In a more specialised sense, a transcription is (a system of) writing the sounds of a word in one language using the script of another language. Any reader of the latter language should be able to pronounce the transcribed word (almost) correctly. As the word may contain sounds that are unknown in the latter language, this goal is not always reached completely.

Transcriptions are used to write for the general public. For example, a newspaper; a general-purpose encyclopedia.

Transcription should be distinguished from transliteration in a narrow sense, q. v. However, transcription is sometimes also called transliteration.

The same words are likely to be transcribed differently under different systems. For example, for two transcription systems for Mandarin using the Roman alphabet, the Chinese capital is: Wade-Giles transcribes to Peking, while Pinyin transcribes to Beijing. See also transcription of Chinese, transcription of Russian.

Example:

Russian text Бopuc Huкoлaeвuч Eлцuн
Typical transliteration Boris Nikolaevič Elcin
English transcription Boris Nikolayevitch Yeltsin
French transcription Boris Nikolaïevitch Ieltsine
German transcription Boris Nikolajewitsch Jelzin
Italian transcription Boris Nikolaevic Eltsin
Dutch transcription Boris Nikolajewitsj Jeltsin

Transcription can be done into a non-alphabetic language too. For example, in a Beijing Newspaper, president Bush's name is transliterated into two Chinese characters that sounds like "Bu4 Shu1" (布殊) by using the characters that mean cloth and weird.

After transcribing

After transcribing a word from one language to the script of another language:

  • one or both languages may develop further. The original correspondence between the sounds of the two languages may change, and so the pronunciation of the transcribed word develops in a different direction than the original pronunciation.
  • the transcribed word may be adopted as a loan word in another language with the same script. This often leads to a different pronunciation and spelling than a direct transcription.

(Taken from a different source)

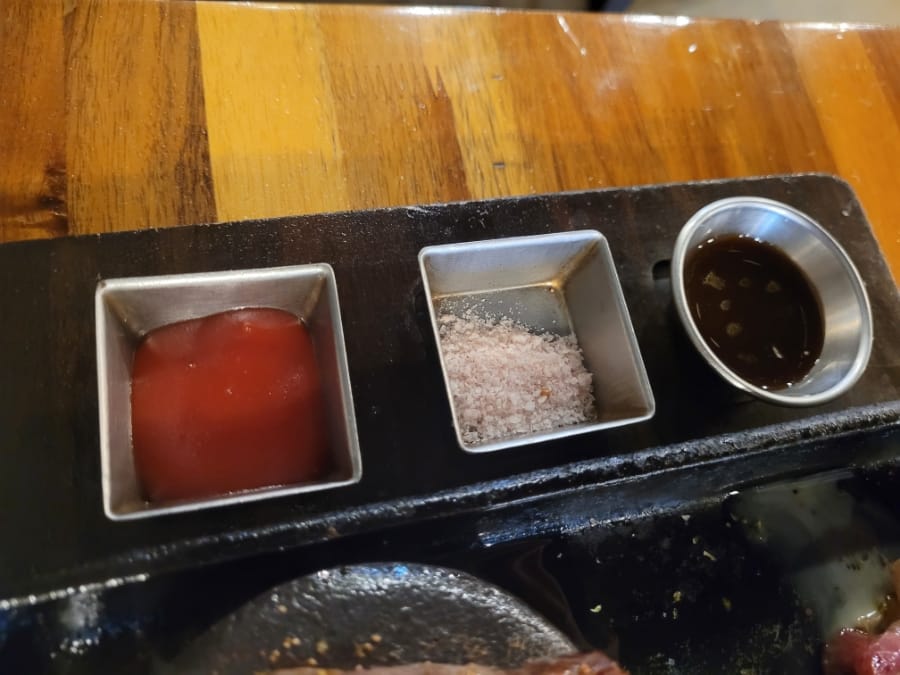 케첩, 핑크 솔트, 스테이크 소스 (?)

Especially evident is this for Greek loan words and proper names. Greek words are normally first transcribed to Latin (according to their old pronunciations), and then loaned into other languages, and finally the loan word has developed according to the rules of the goal language. For example, Aristotle is the currently used English form of the name of the philosopher whose name in Greek is spelled  ̓Aριστoτέλης (Aristotélēs), which was transcribed to Latin Aristóteles, from where it was loaned into other languages and followed their linguistic development. (In "classical" Greek of Aristotle's time, lower-case letters were not used, and the name was spelled ΑΡΙΣΤΟΤΕΛΗΣ.)

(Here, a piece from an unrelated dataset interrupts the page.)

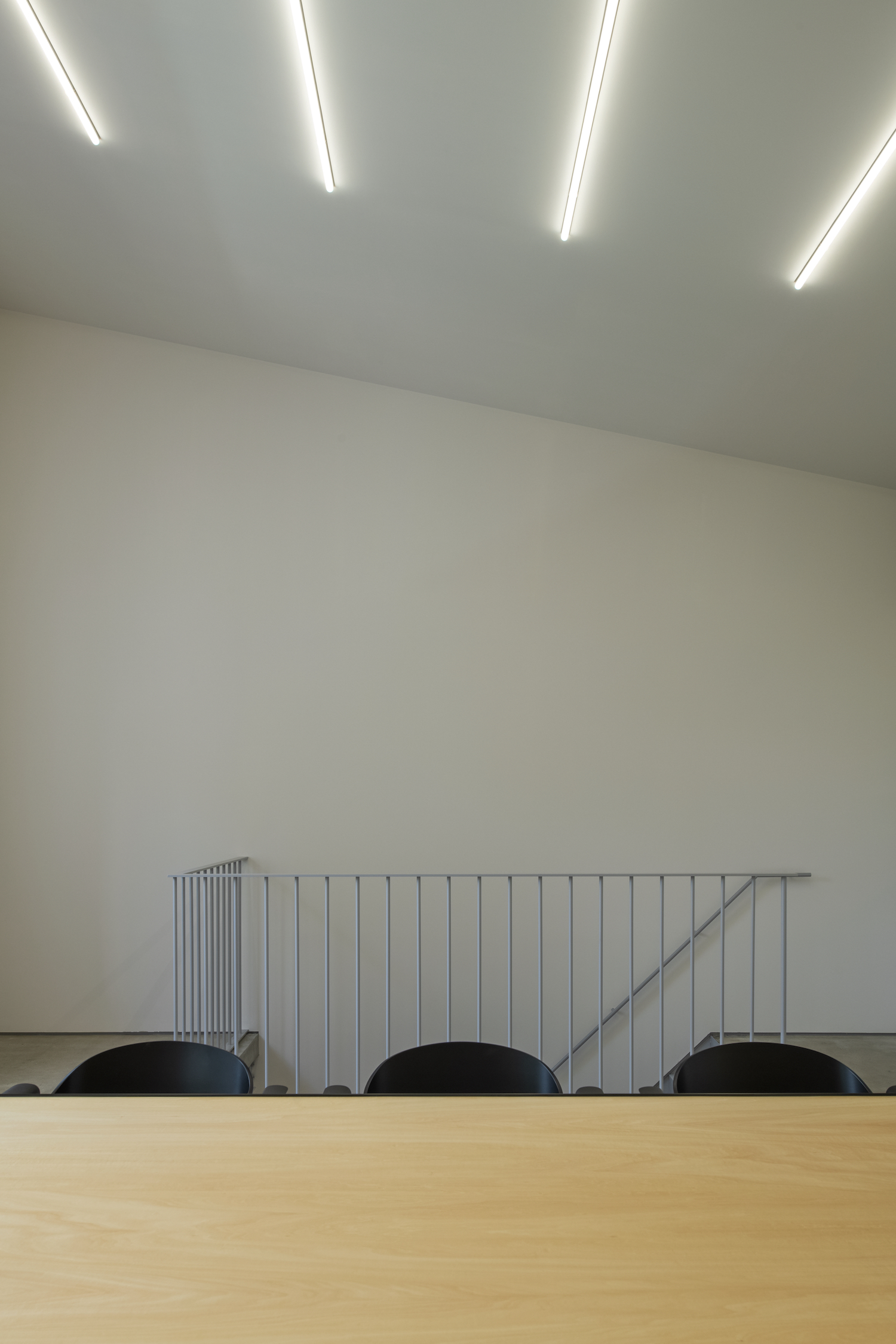 K Atelier is a minimalist space located in Fukuoka, Japan, designed by CASE-REAL. Originally an office space, the building now hosts a main work area on the ground floor and a combined atelier and meeting space upstairs. Key to the transformation was the alteration of the building’s façade. The original aluminum sash glass doors were replaced with a singular, sizable sliding door. This change was not only practical for moving artwork but also aesthetic, harmonizing with the building’s external elements like lighting, mailboxes, and awnings through the use of galvanized steel. Internally, the renovation focused on openness and utility.

Pliocene comes from the Greek words πλεῖov (pleîon, "more") and καιvóς (kainós, "new"), which were first transcribed (latinised) to plion and caenus and then loaned into other languages. The historising latinisation of <κ> by <c> refers to the times where Latin pronounced <c> as [k] in all contexts.

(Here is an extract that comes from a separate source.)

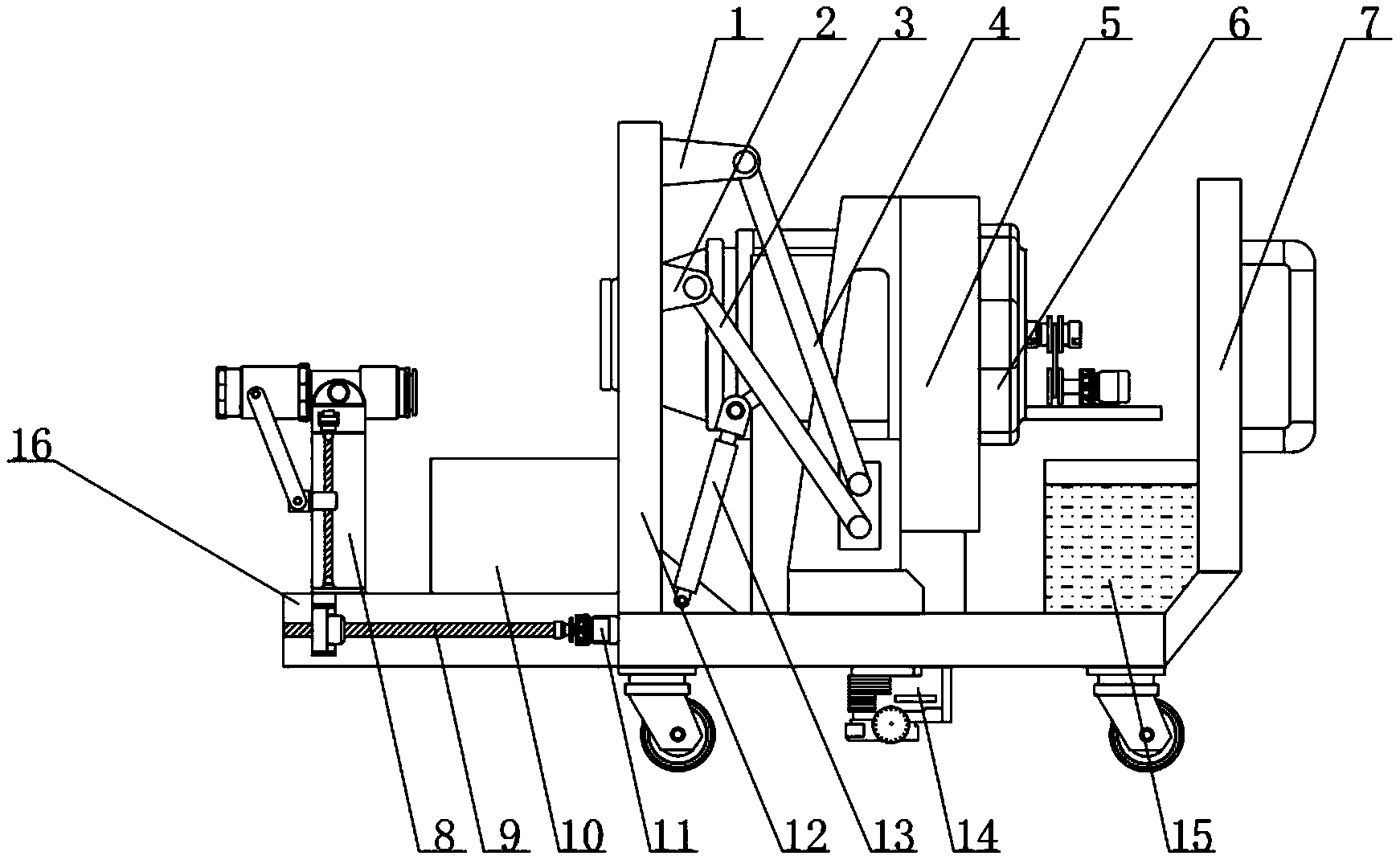 本实用新型涉及食品加工技术领域,尤其为一种可倾式自动滚揉机用调节工装,包括固定套、滚揉机本体、车体和立柱,所述车体上方的左侧位置上安装有安装架,所述安装架上方的前后两侧对称那装有上铰链座,所述安装架的右侧位置上设置有固定套,两个所述上铰链座通过第二传动杆分别与固定套之间铰接,所述固定套横向安装有滚揉机本体,所述滚揉机本体的左下方位置上设置有导轨,所述导轨横向安装在车体的左下方位置上,所述导轨上纵向设置有立柱,所述立柱的上端设置有喷头;本实用新型提高了装置的自动化水平,增加了装置的自主下料功能,实现了装置的自清洁功能。

When this process continues over several languages, it may fail miserably in conveying the original pronunciation. One ancient example is the Sanskrit word Channa which transcribed into the Chinese word Ch'an through buddhist scriptures. Ch'an (禪 Zen buddhism) was transcribed from Japanese to Zen in English. Channa to Zen is quite a change.

Another complex problem is the subsequent change in "preferred" transcription. For instance, the word describing a philosophy or religion in China was popularized in English as Tao and given the termination -ism to produce an English word Taoism. That transcription reflects the Wade-Giles system. More recent Pinyin transliterations produce Dao and Daoism. (See also Daoism versus Taoism.)

Transcription is the process of copying DNA to mRNA by an enzyme called RNA polymerase (RNAP). Transcription is the first step of protein biosynthesis.

Bacterial transcription

A (simple) model for a bacterial gene to be transcribed looks like this :

  upstream        ~17 bp       The gene to transcribe     downstream
5'----------|-35|---------|-10|----------------------|T|------------3'
3'----------|-35|---------|-10|----------------------|T|------------5'
                               |
                               |--------------------->
                                        mRNA

where the region between -35 and -10 base pairs is called promoter, and |T| stands for terminator. The DNA between promoter and terminator is copied to mRNA, which is then translated into protein.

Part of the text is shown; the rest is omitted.